Part of Advances in Neural Information Processing Systems 33 (NeurIPS 2020)
ZHIYAN DING, Qin Li
Sampling from a log-concave distribution function is one core problem that has wide applications in Bayesian statistics and machine learning. While most gradient free methods have slow convergence rate, the Langevin Monte Carlo (LMC) that provides fast convergence requires the computation of gradients. In practice one uses finite-differencing approximations as surrogates, and the method is expensive in high-dimensions.
A natural strategy to reduce computational cost in each iteration is to utilize random gradient approximations, such as random coordinate descent (RCD) or simultaneous perturbation stochastic approximation (SPSA).We show by a counterexamplethat blindly applying RCD does not achieve the goal in the most general setting. The high variance induced by the randomness means a larger number of iterations are needed, and this balances out the saving in each iteration.
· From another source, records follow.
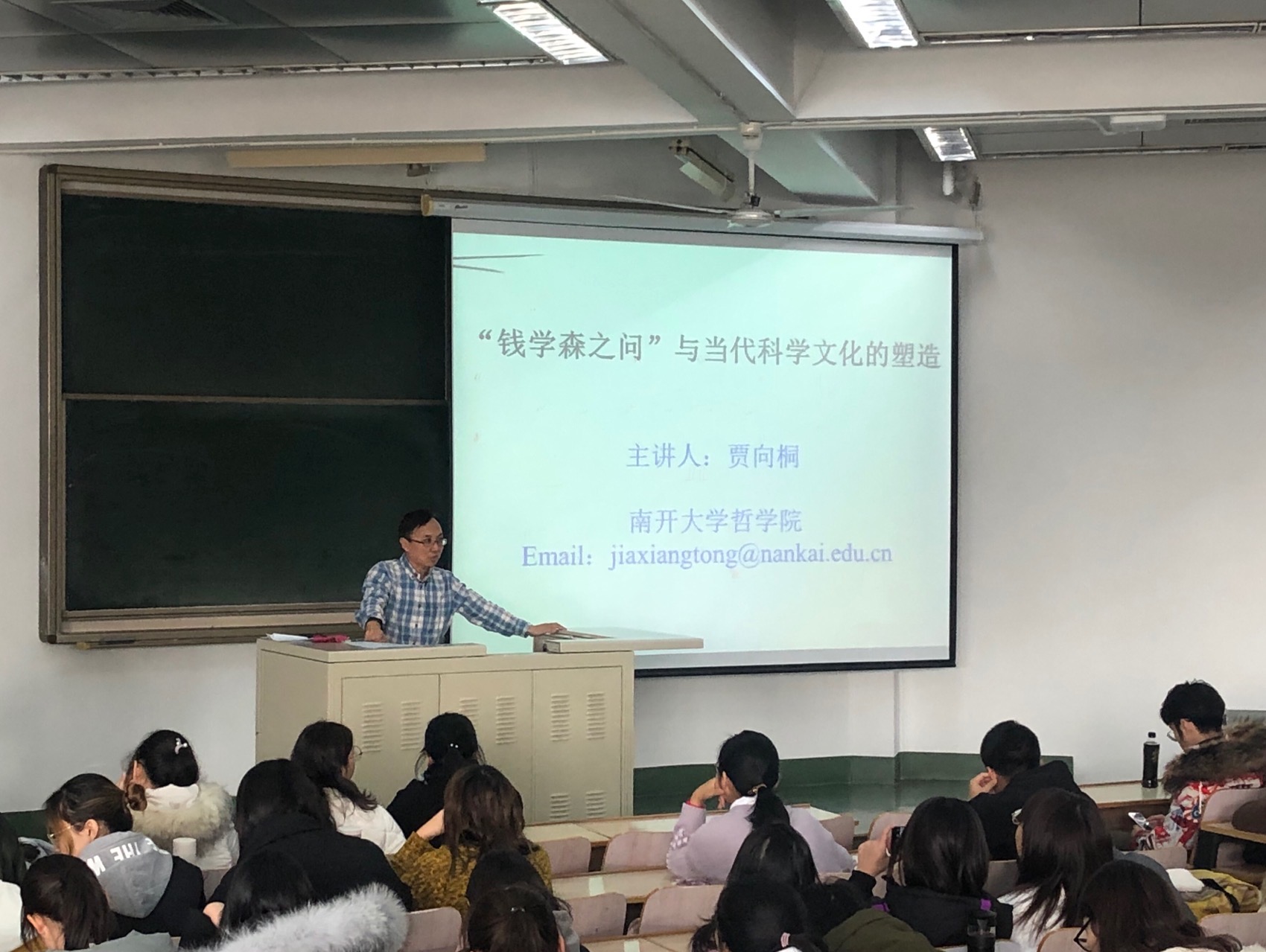 11月28日下午,由我校国家大学生文化素质教育基地主办、威尼斯886699中文系承办的人文素质名家讲堂第99期在广学楼201教室举行。南开大学哲学院科学技术哲学教研室主任贾向桐教授以“钱学森之问与当代科学文化的塑造”为题进行了专场讲座。讲座由我校中文系李颖副教授主持,我校200多名师生现场聆听了讲座。
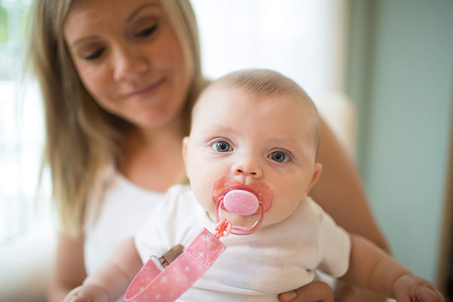 - Closed-loop design that safely secures to baby's pacifier
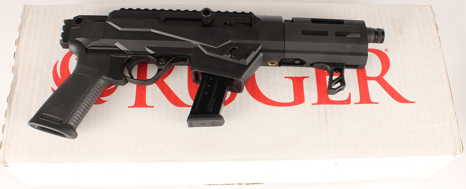 NEW, BOXED, Ruger PC Charger, CAL: 9mm, MFG: Modern, SN: 913-52631, Semi Auto Pistol, 6 1/2'' barrel The grooved polymer grip frame is excellent. The factory matte black finish rates 99%+ overall. Bore is mint. Factory sights. Comes in factory box, with owners manual, extra mag, speed loader & lock. Box condition is excellent, with minor shelf wear. FFL Req. - Value: 500 to 800
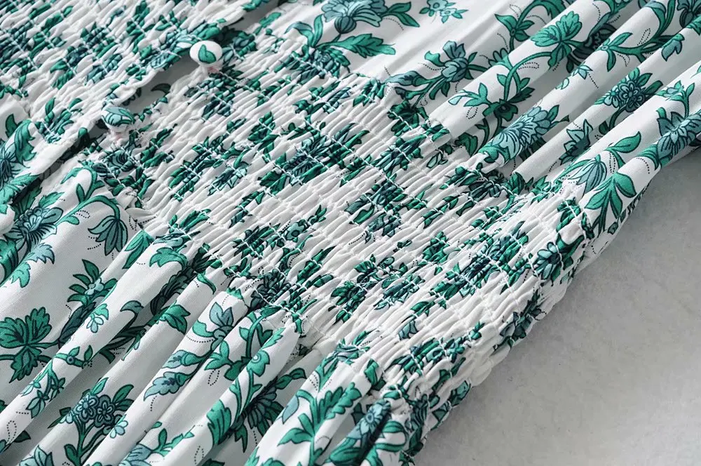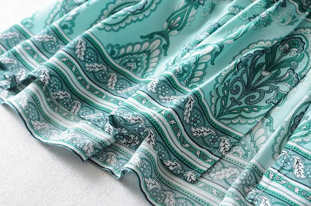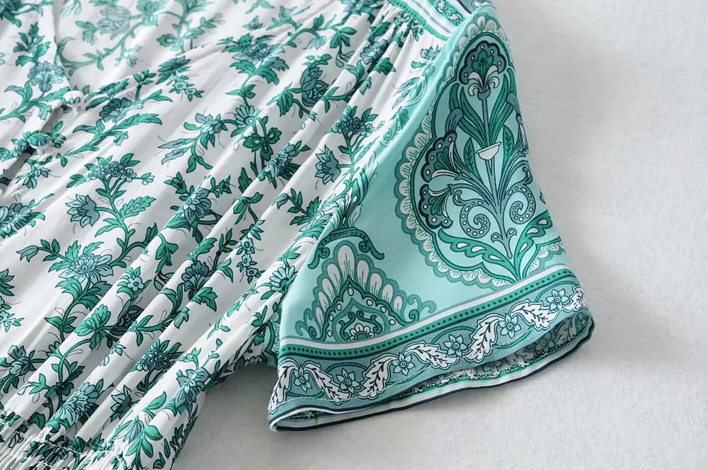 Винтажная шикарная женская зеленая богемная блузка с цветочным прин...
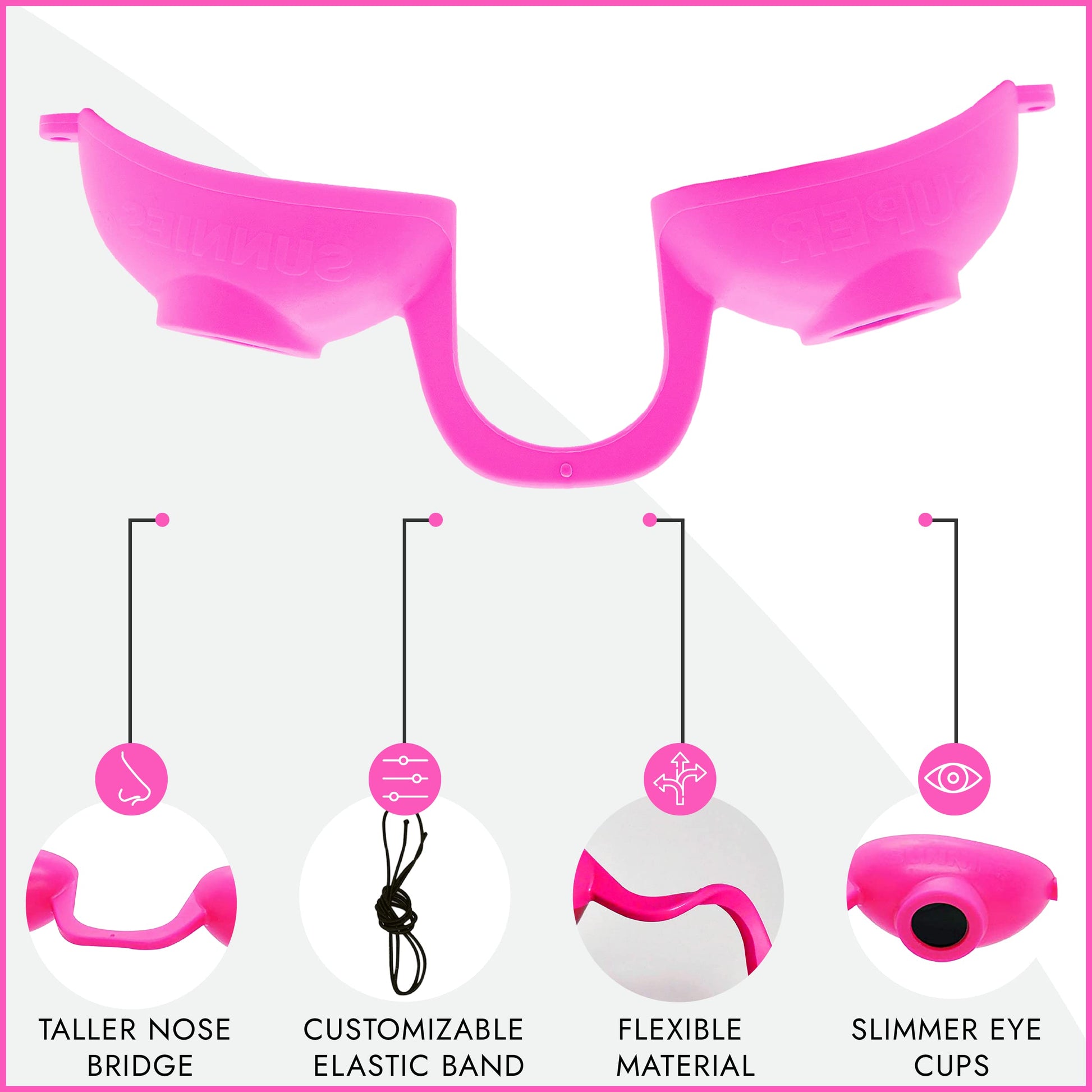 - EVO EYESHIELDS: Super Sunnies tanning goggles have offered uncompromising protection for your eyes both indoors and outdoors. This Evo Tanning Eyewear has a flexible high-rise nose bridge to eliminate tan lines. The tanning glasses have an elastic headband to assure the perfect fit which accommodates any facial structure.
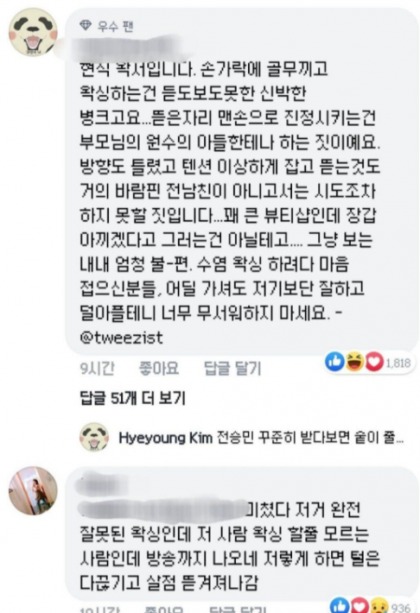 이를 본 전문 왁서들은 얼굴 부위에서 저런 왁싱을 한다면 털도 제대로 제모되지 않고 피부만 상한다고 합니다.
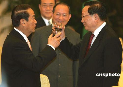 五月十一日晚,中共中央政治局常委曾慶紅在北京人民大會(huì)堂宴請親民黨主席宋楚瑜一行,宋楚瑜致詞后向出席宴會(huì)的國務(wù)委員唐家璇敬酒。作者:任晨鳴
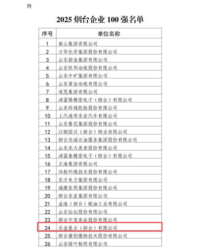2025年10月,在烟台市企业联合会发布的“2025烟台企业100强名单”上,乐金显示(烟台)有限公司位居第24位。
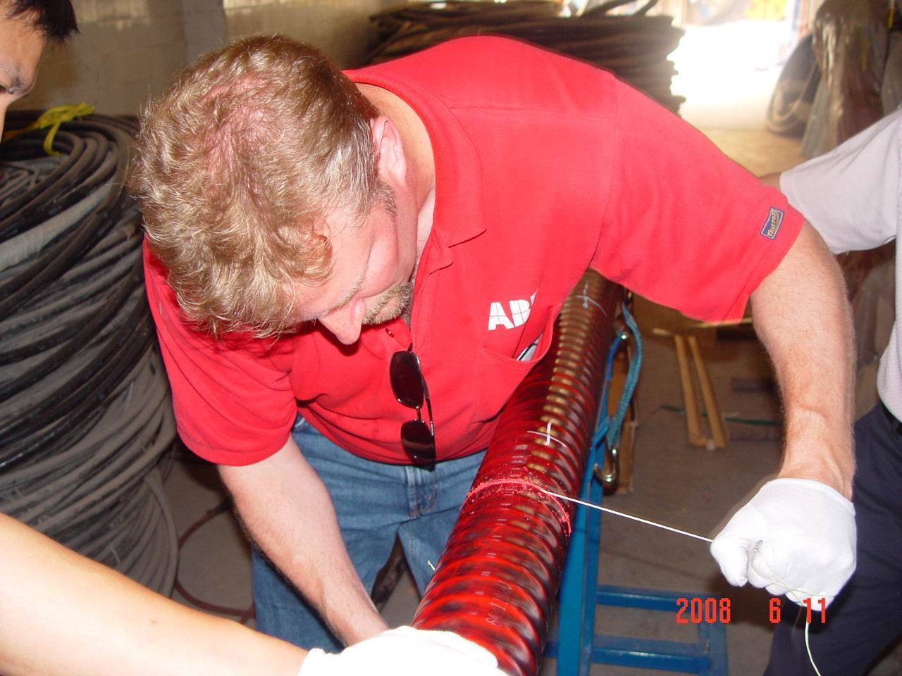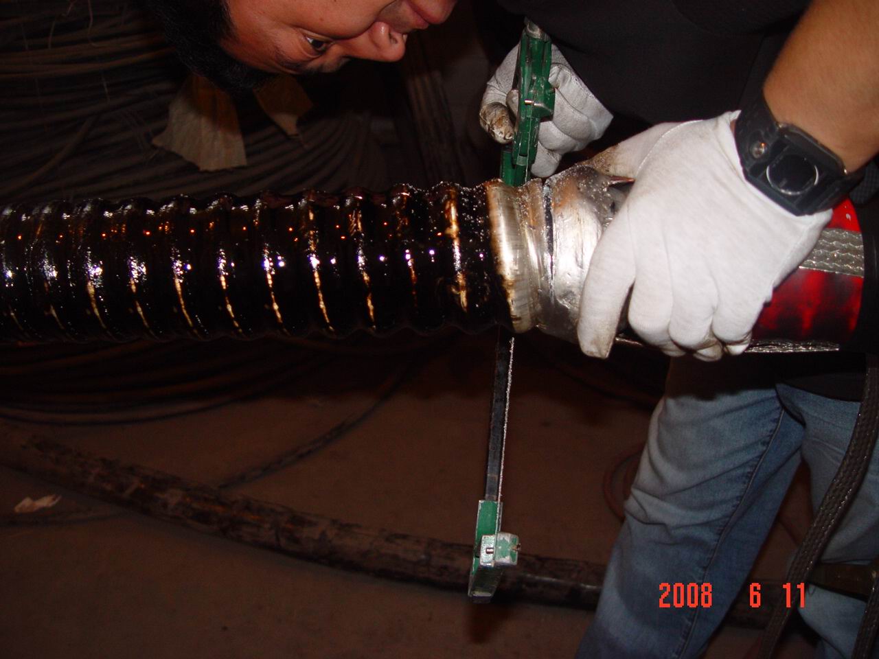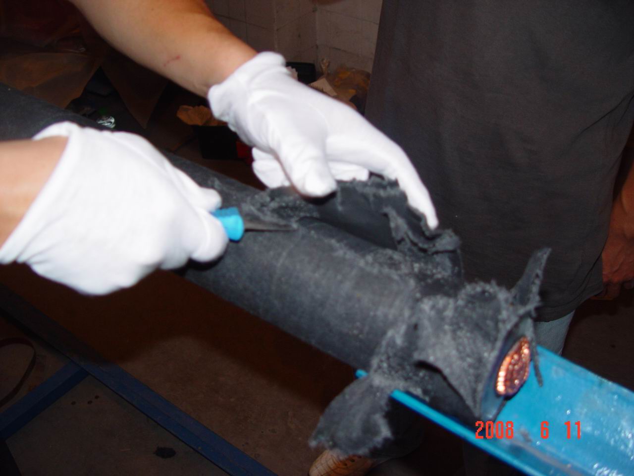 探討問(wèn)題畫(huà)圖講解培訓(xùn)師示范如何用剝離進(jìn)行打磨割開(kāi)保護(hù)電纜的保護(hù)層用砂紙打磨半導(dǎo)電層用割離繩割電纜外層使用專業(yè)工具剝半導(dǎo)電層剝離電纜外層鍍錫 固定銅編帶割開(kāi)保護(hù)電纜的保護(hù)層

We then introduce a new variance reduction approach, termed Randomized Coordinates Averaging Descent (RCAD), and incorporate it with both overdamped and underdamped LMC. The methods are termed RCAD-O-LMC and RCAD-U-LMC respectively. The methods still sit in the random gradient approximation framework, and thus the computational cost in each iteration is low. However, by employing RCAD, the variance is reduced, so the methods converge within the same number of iterations as the classical overdamped and underdamped LMC. This leads to a computational saving overall.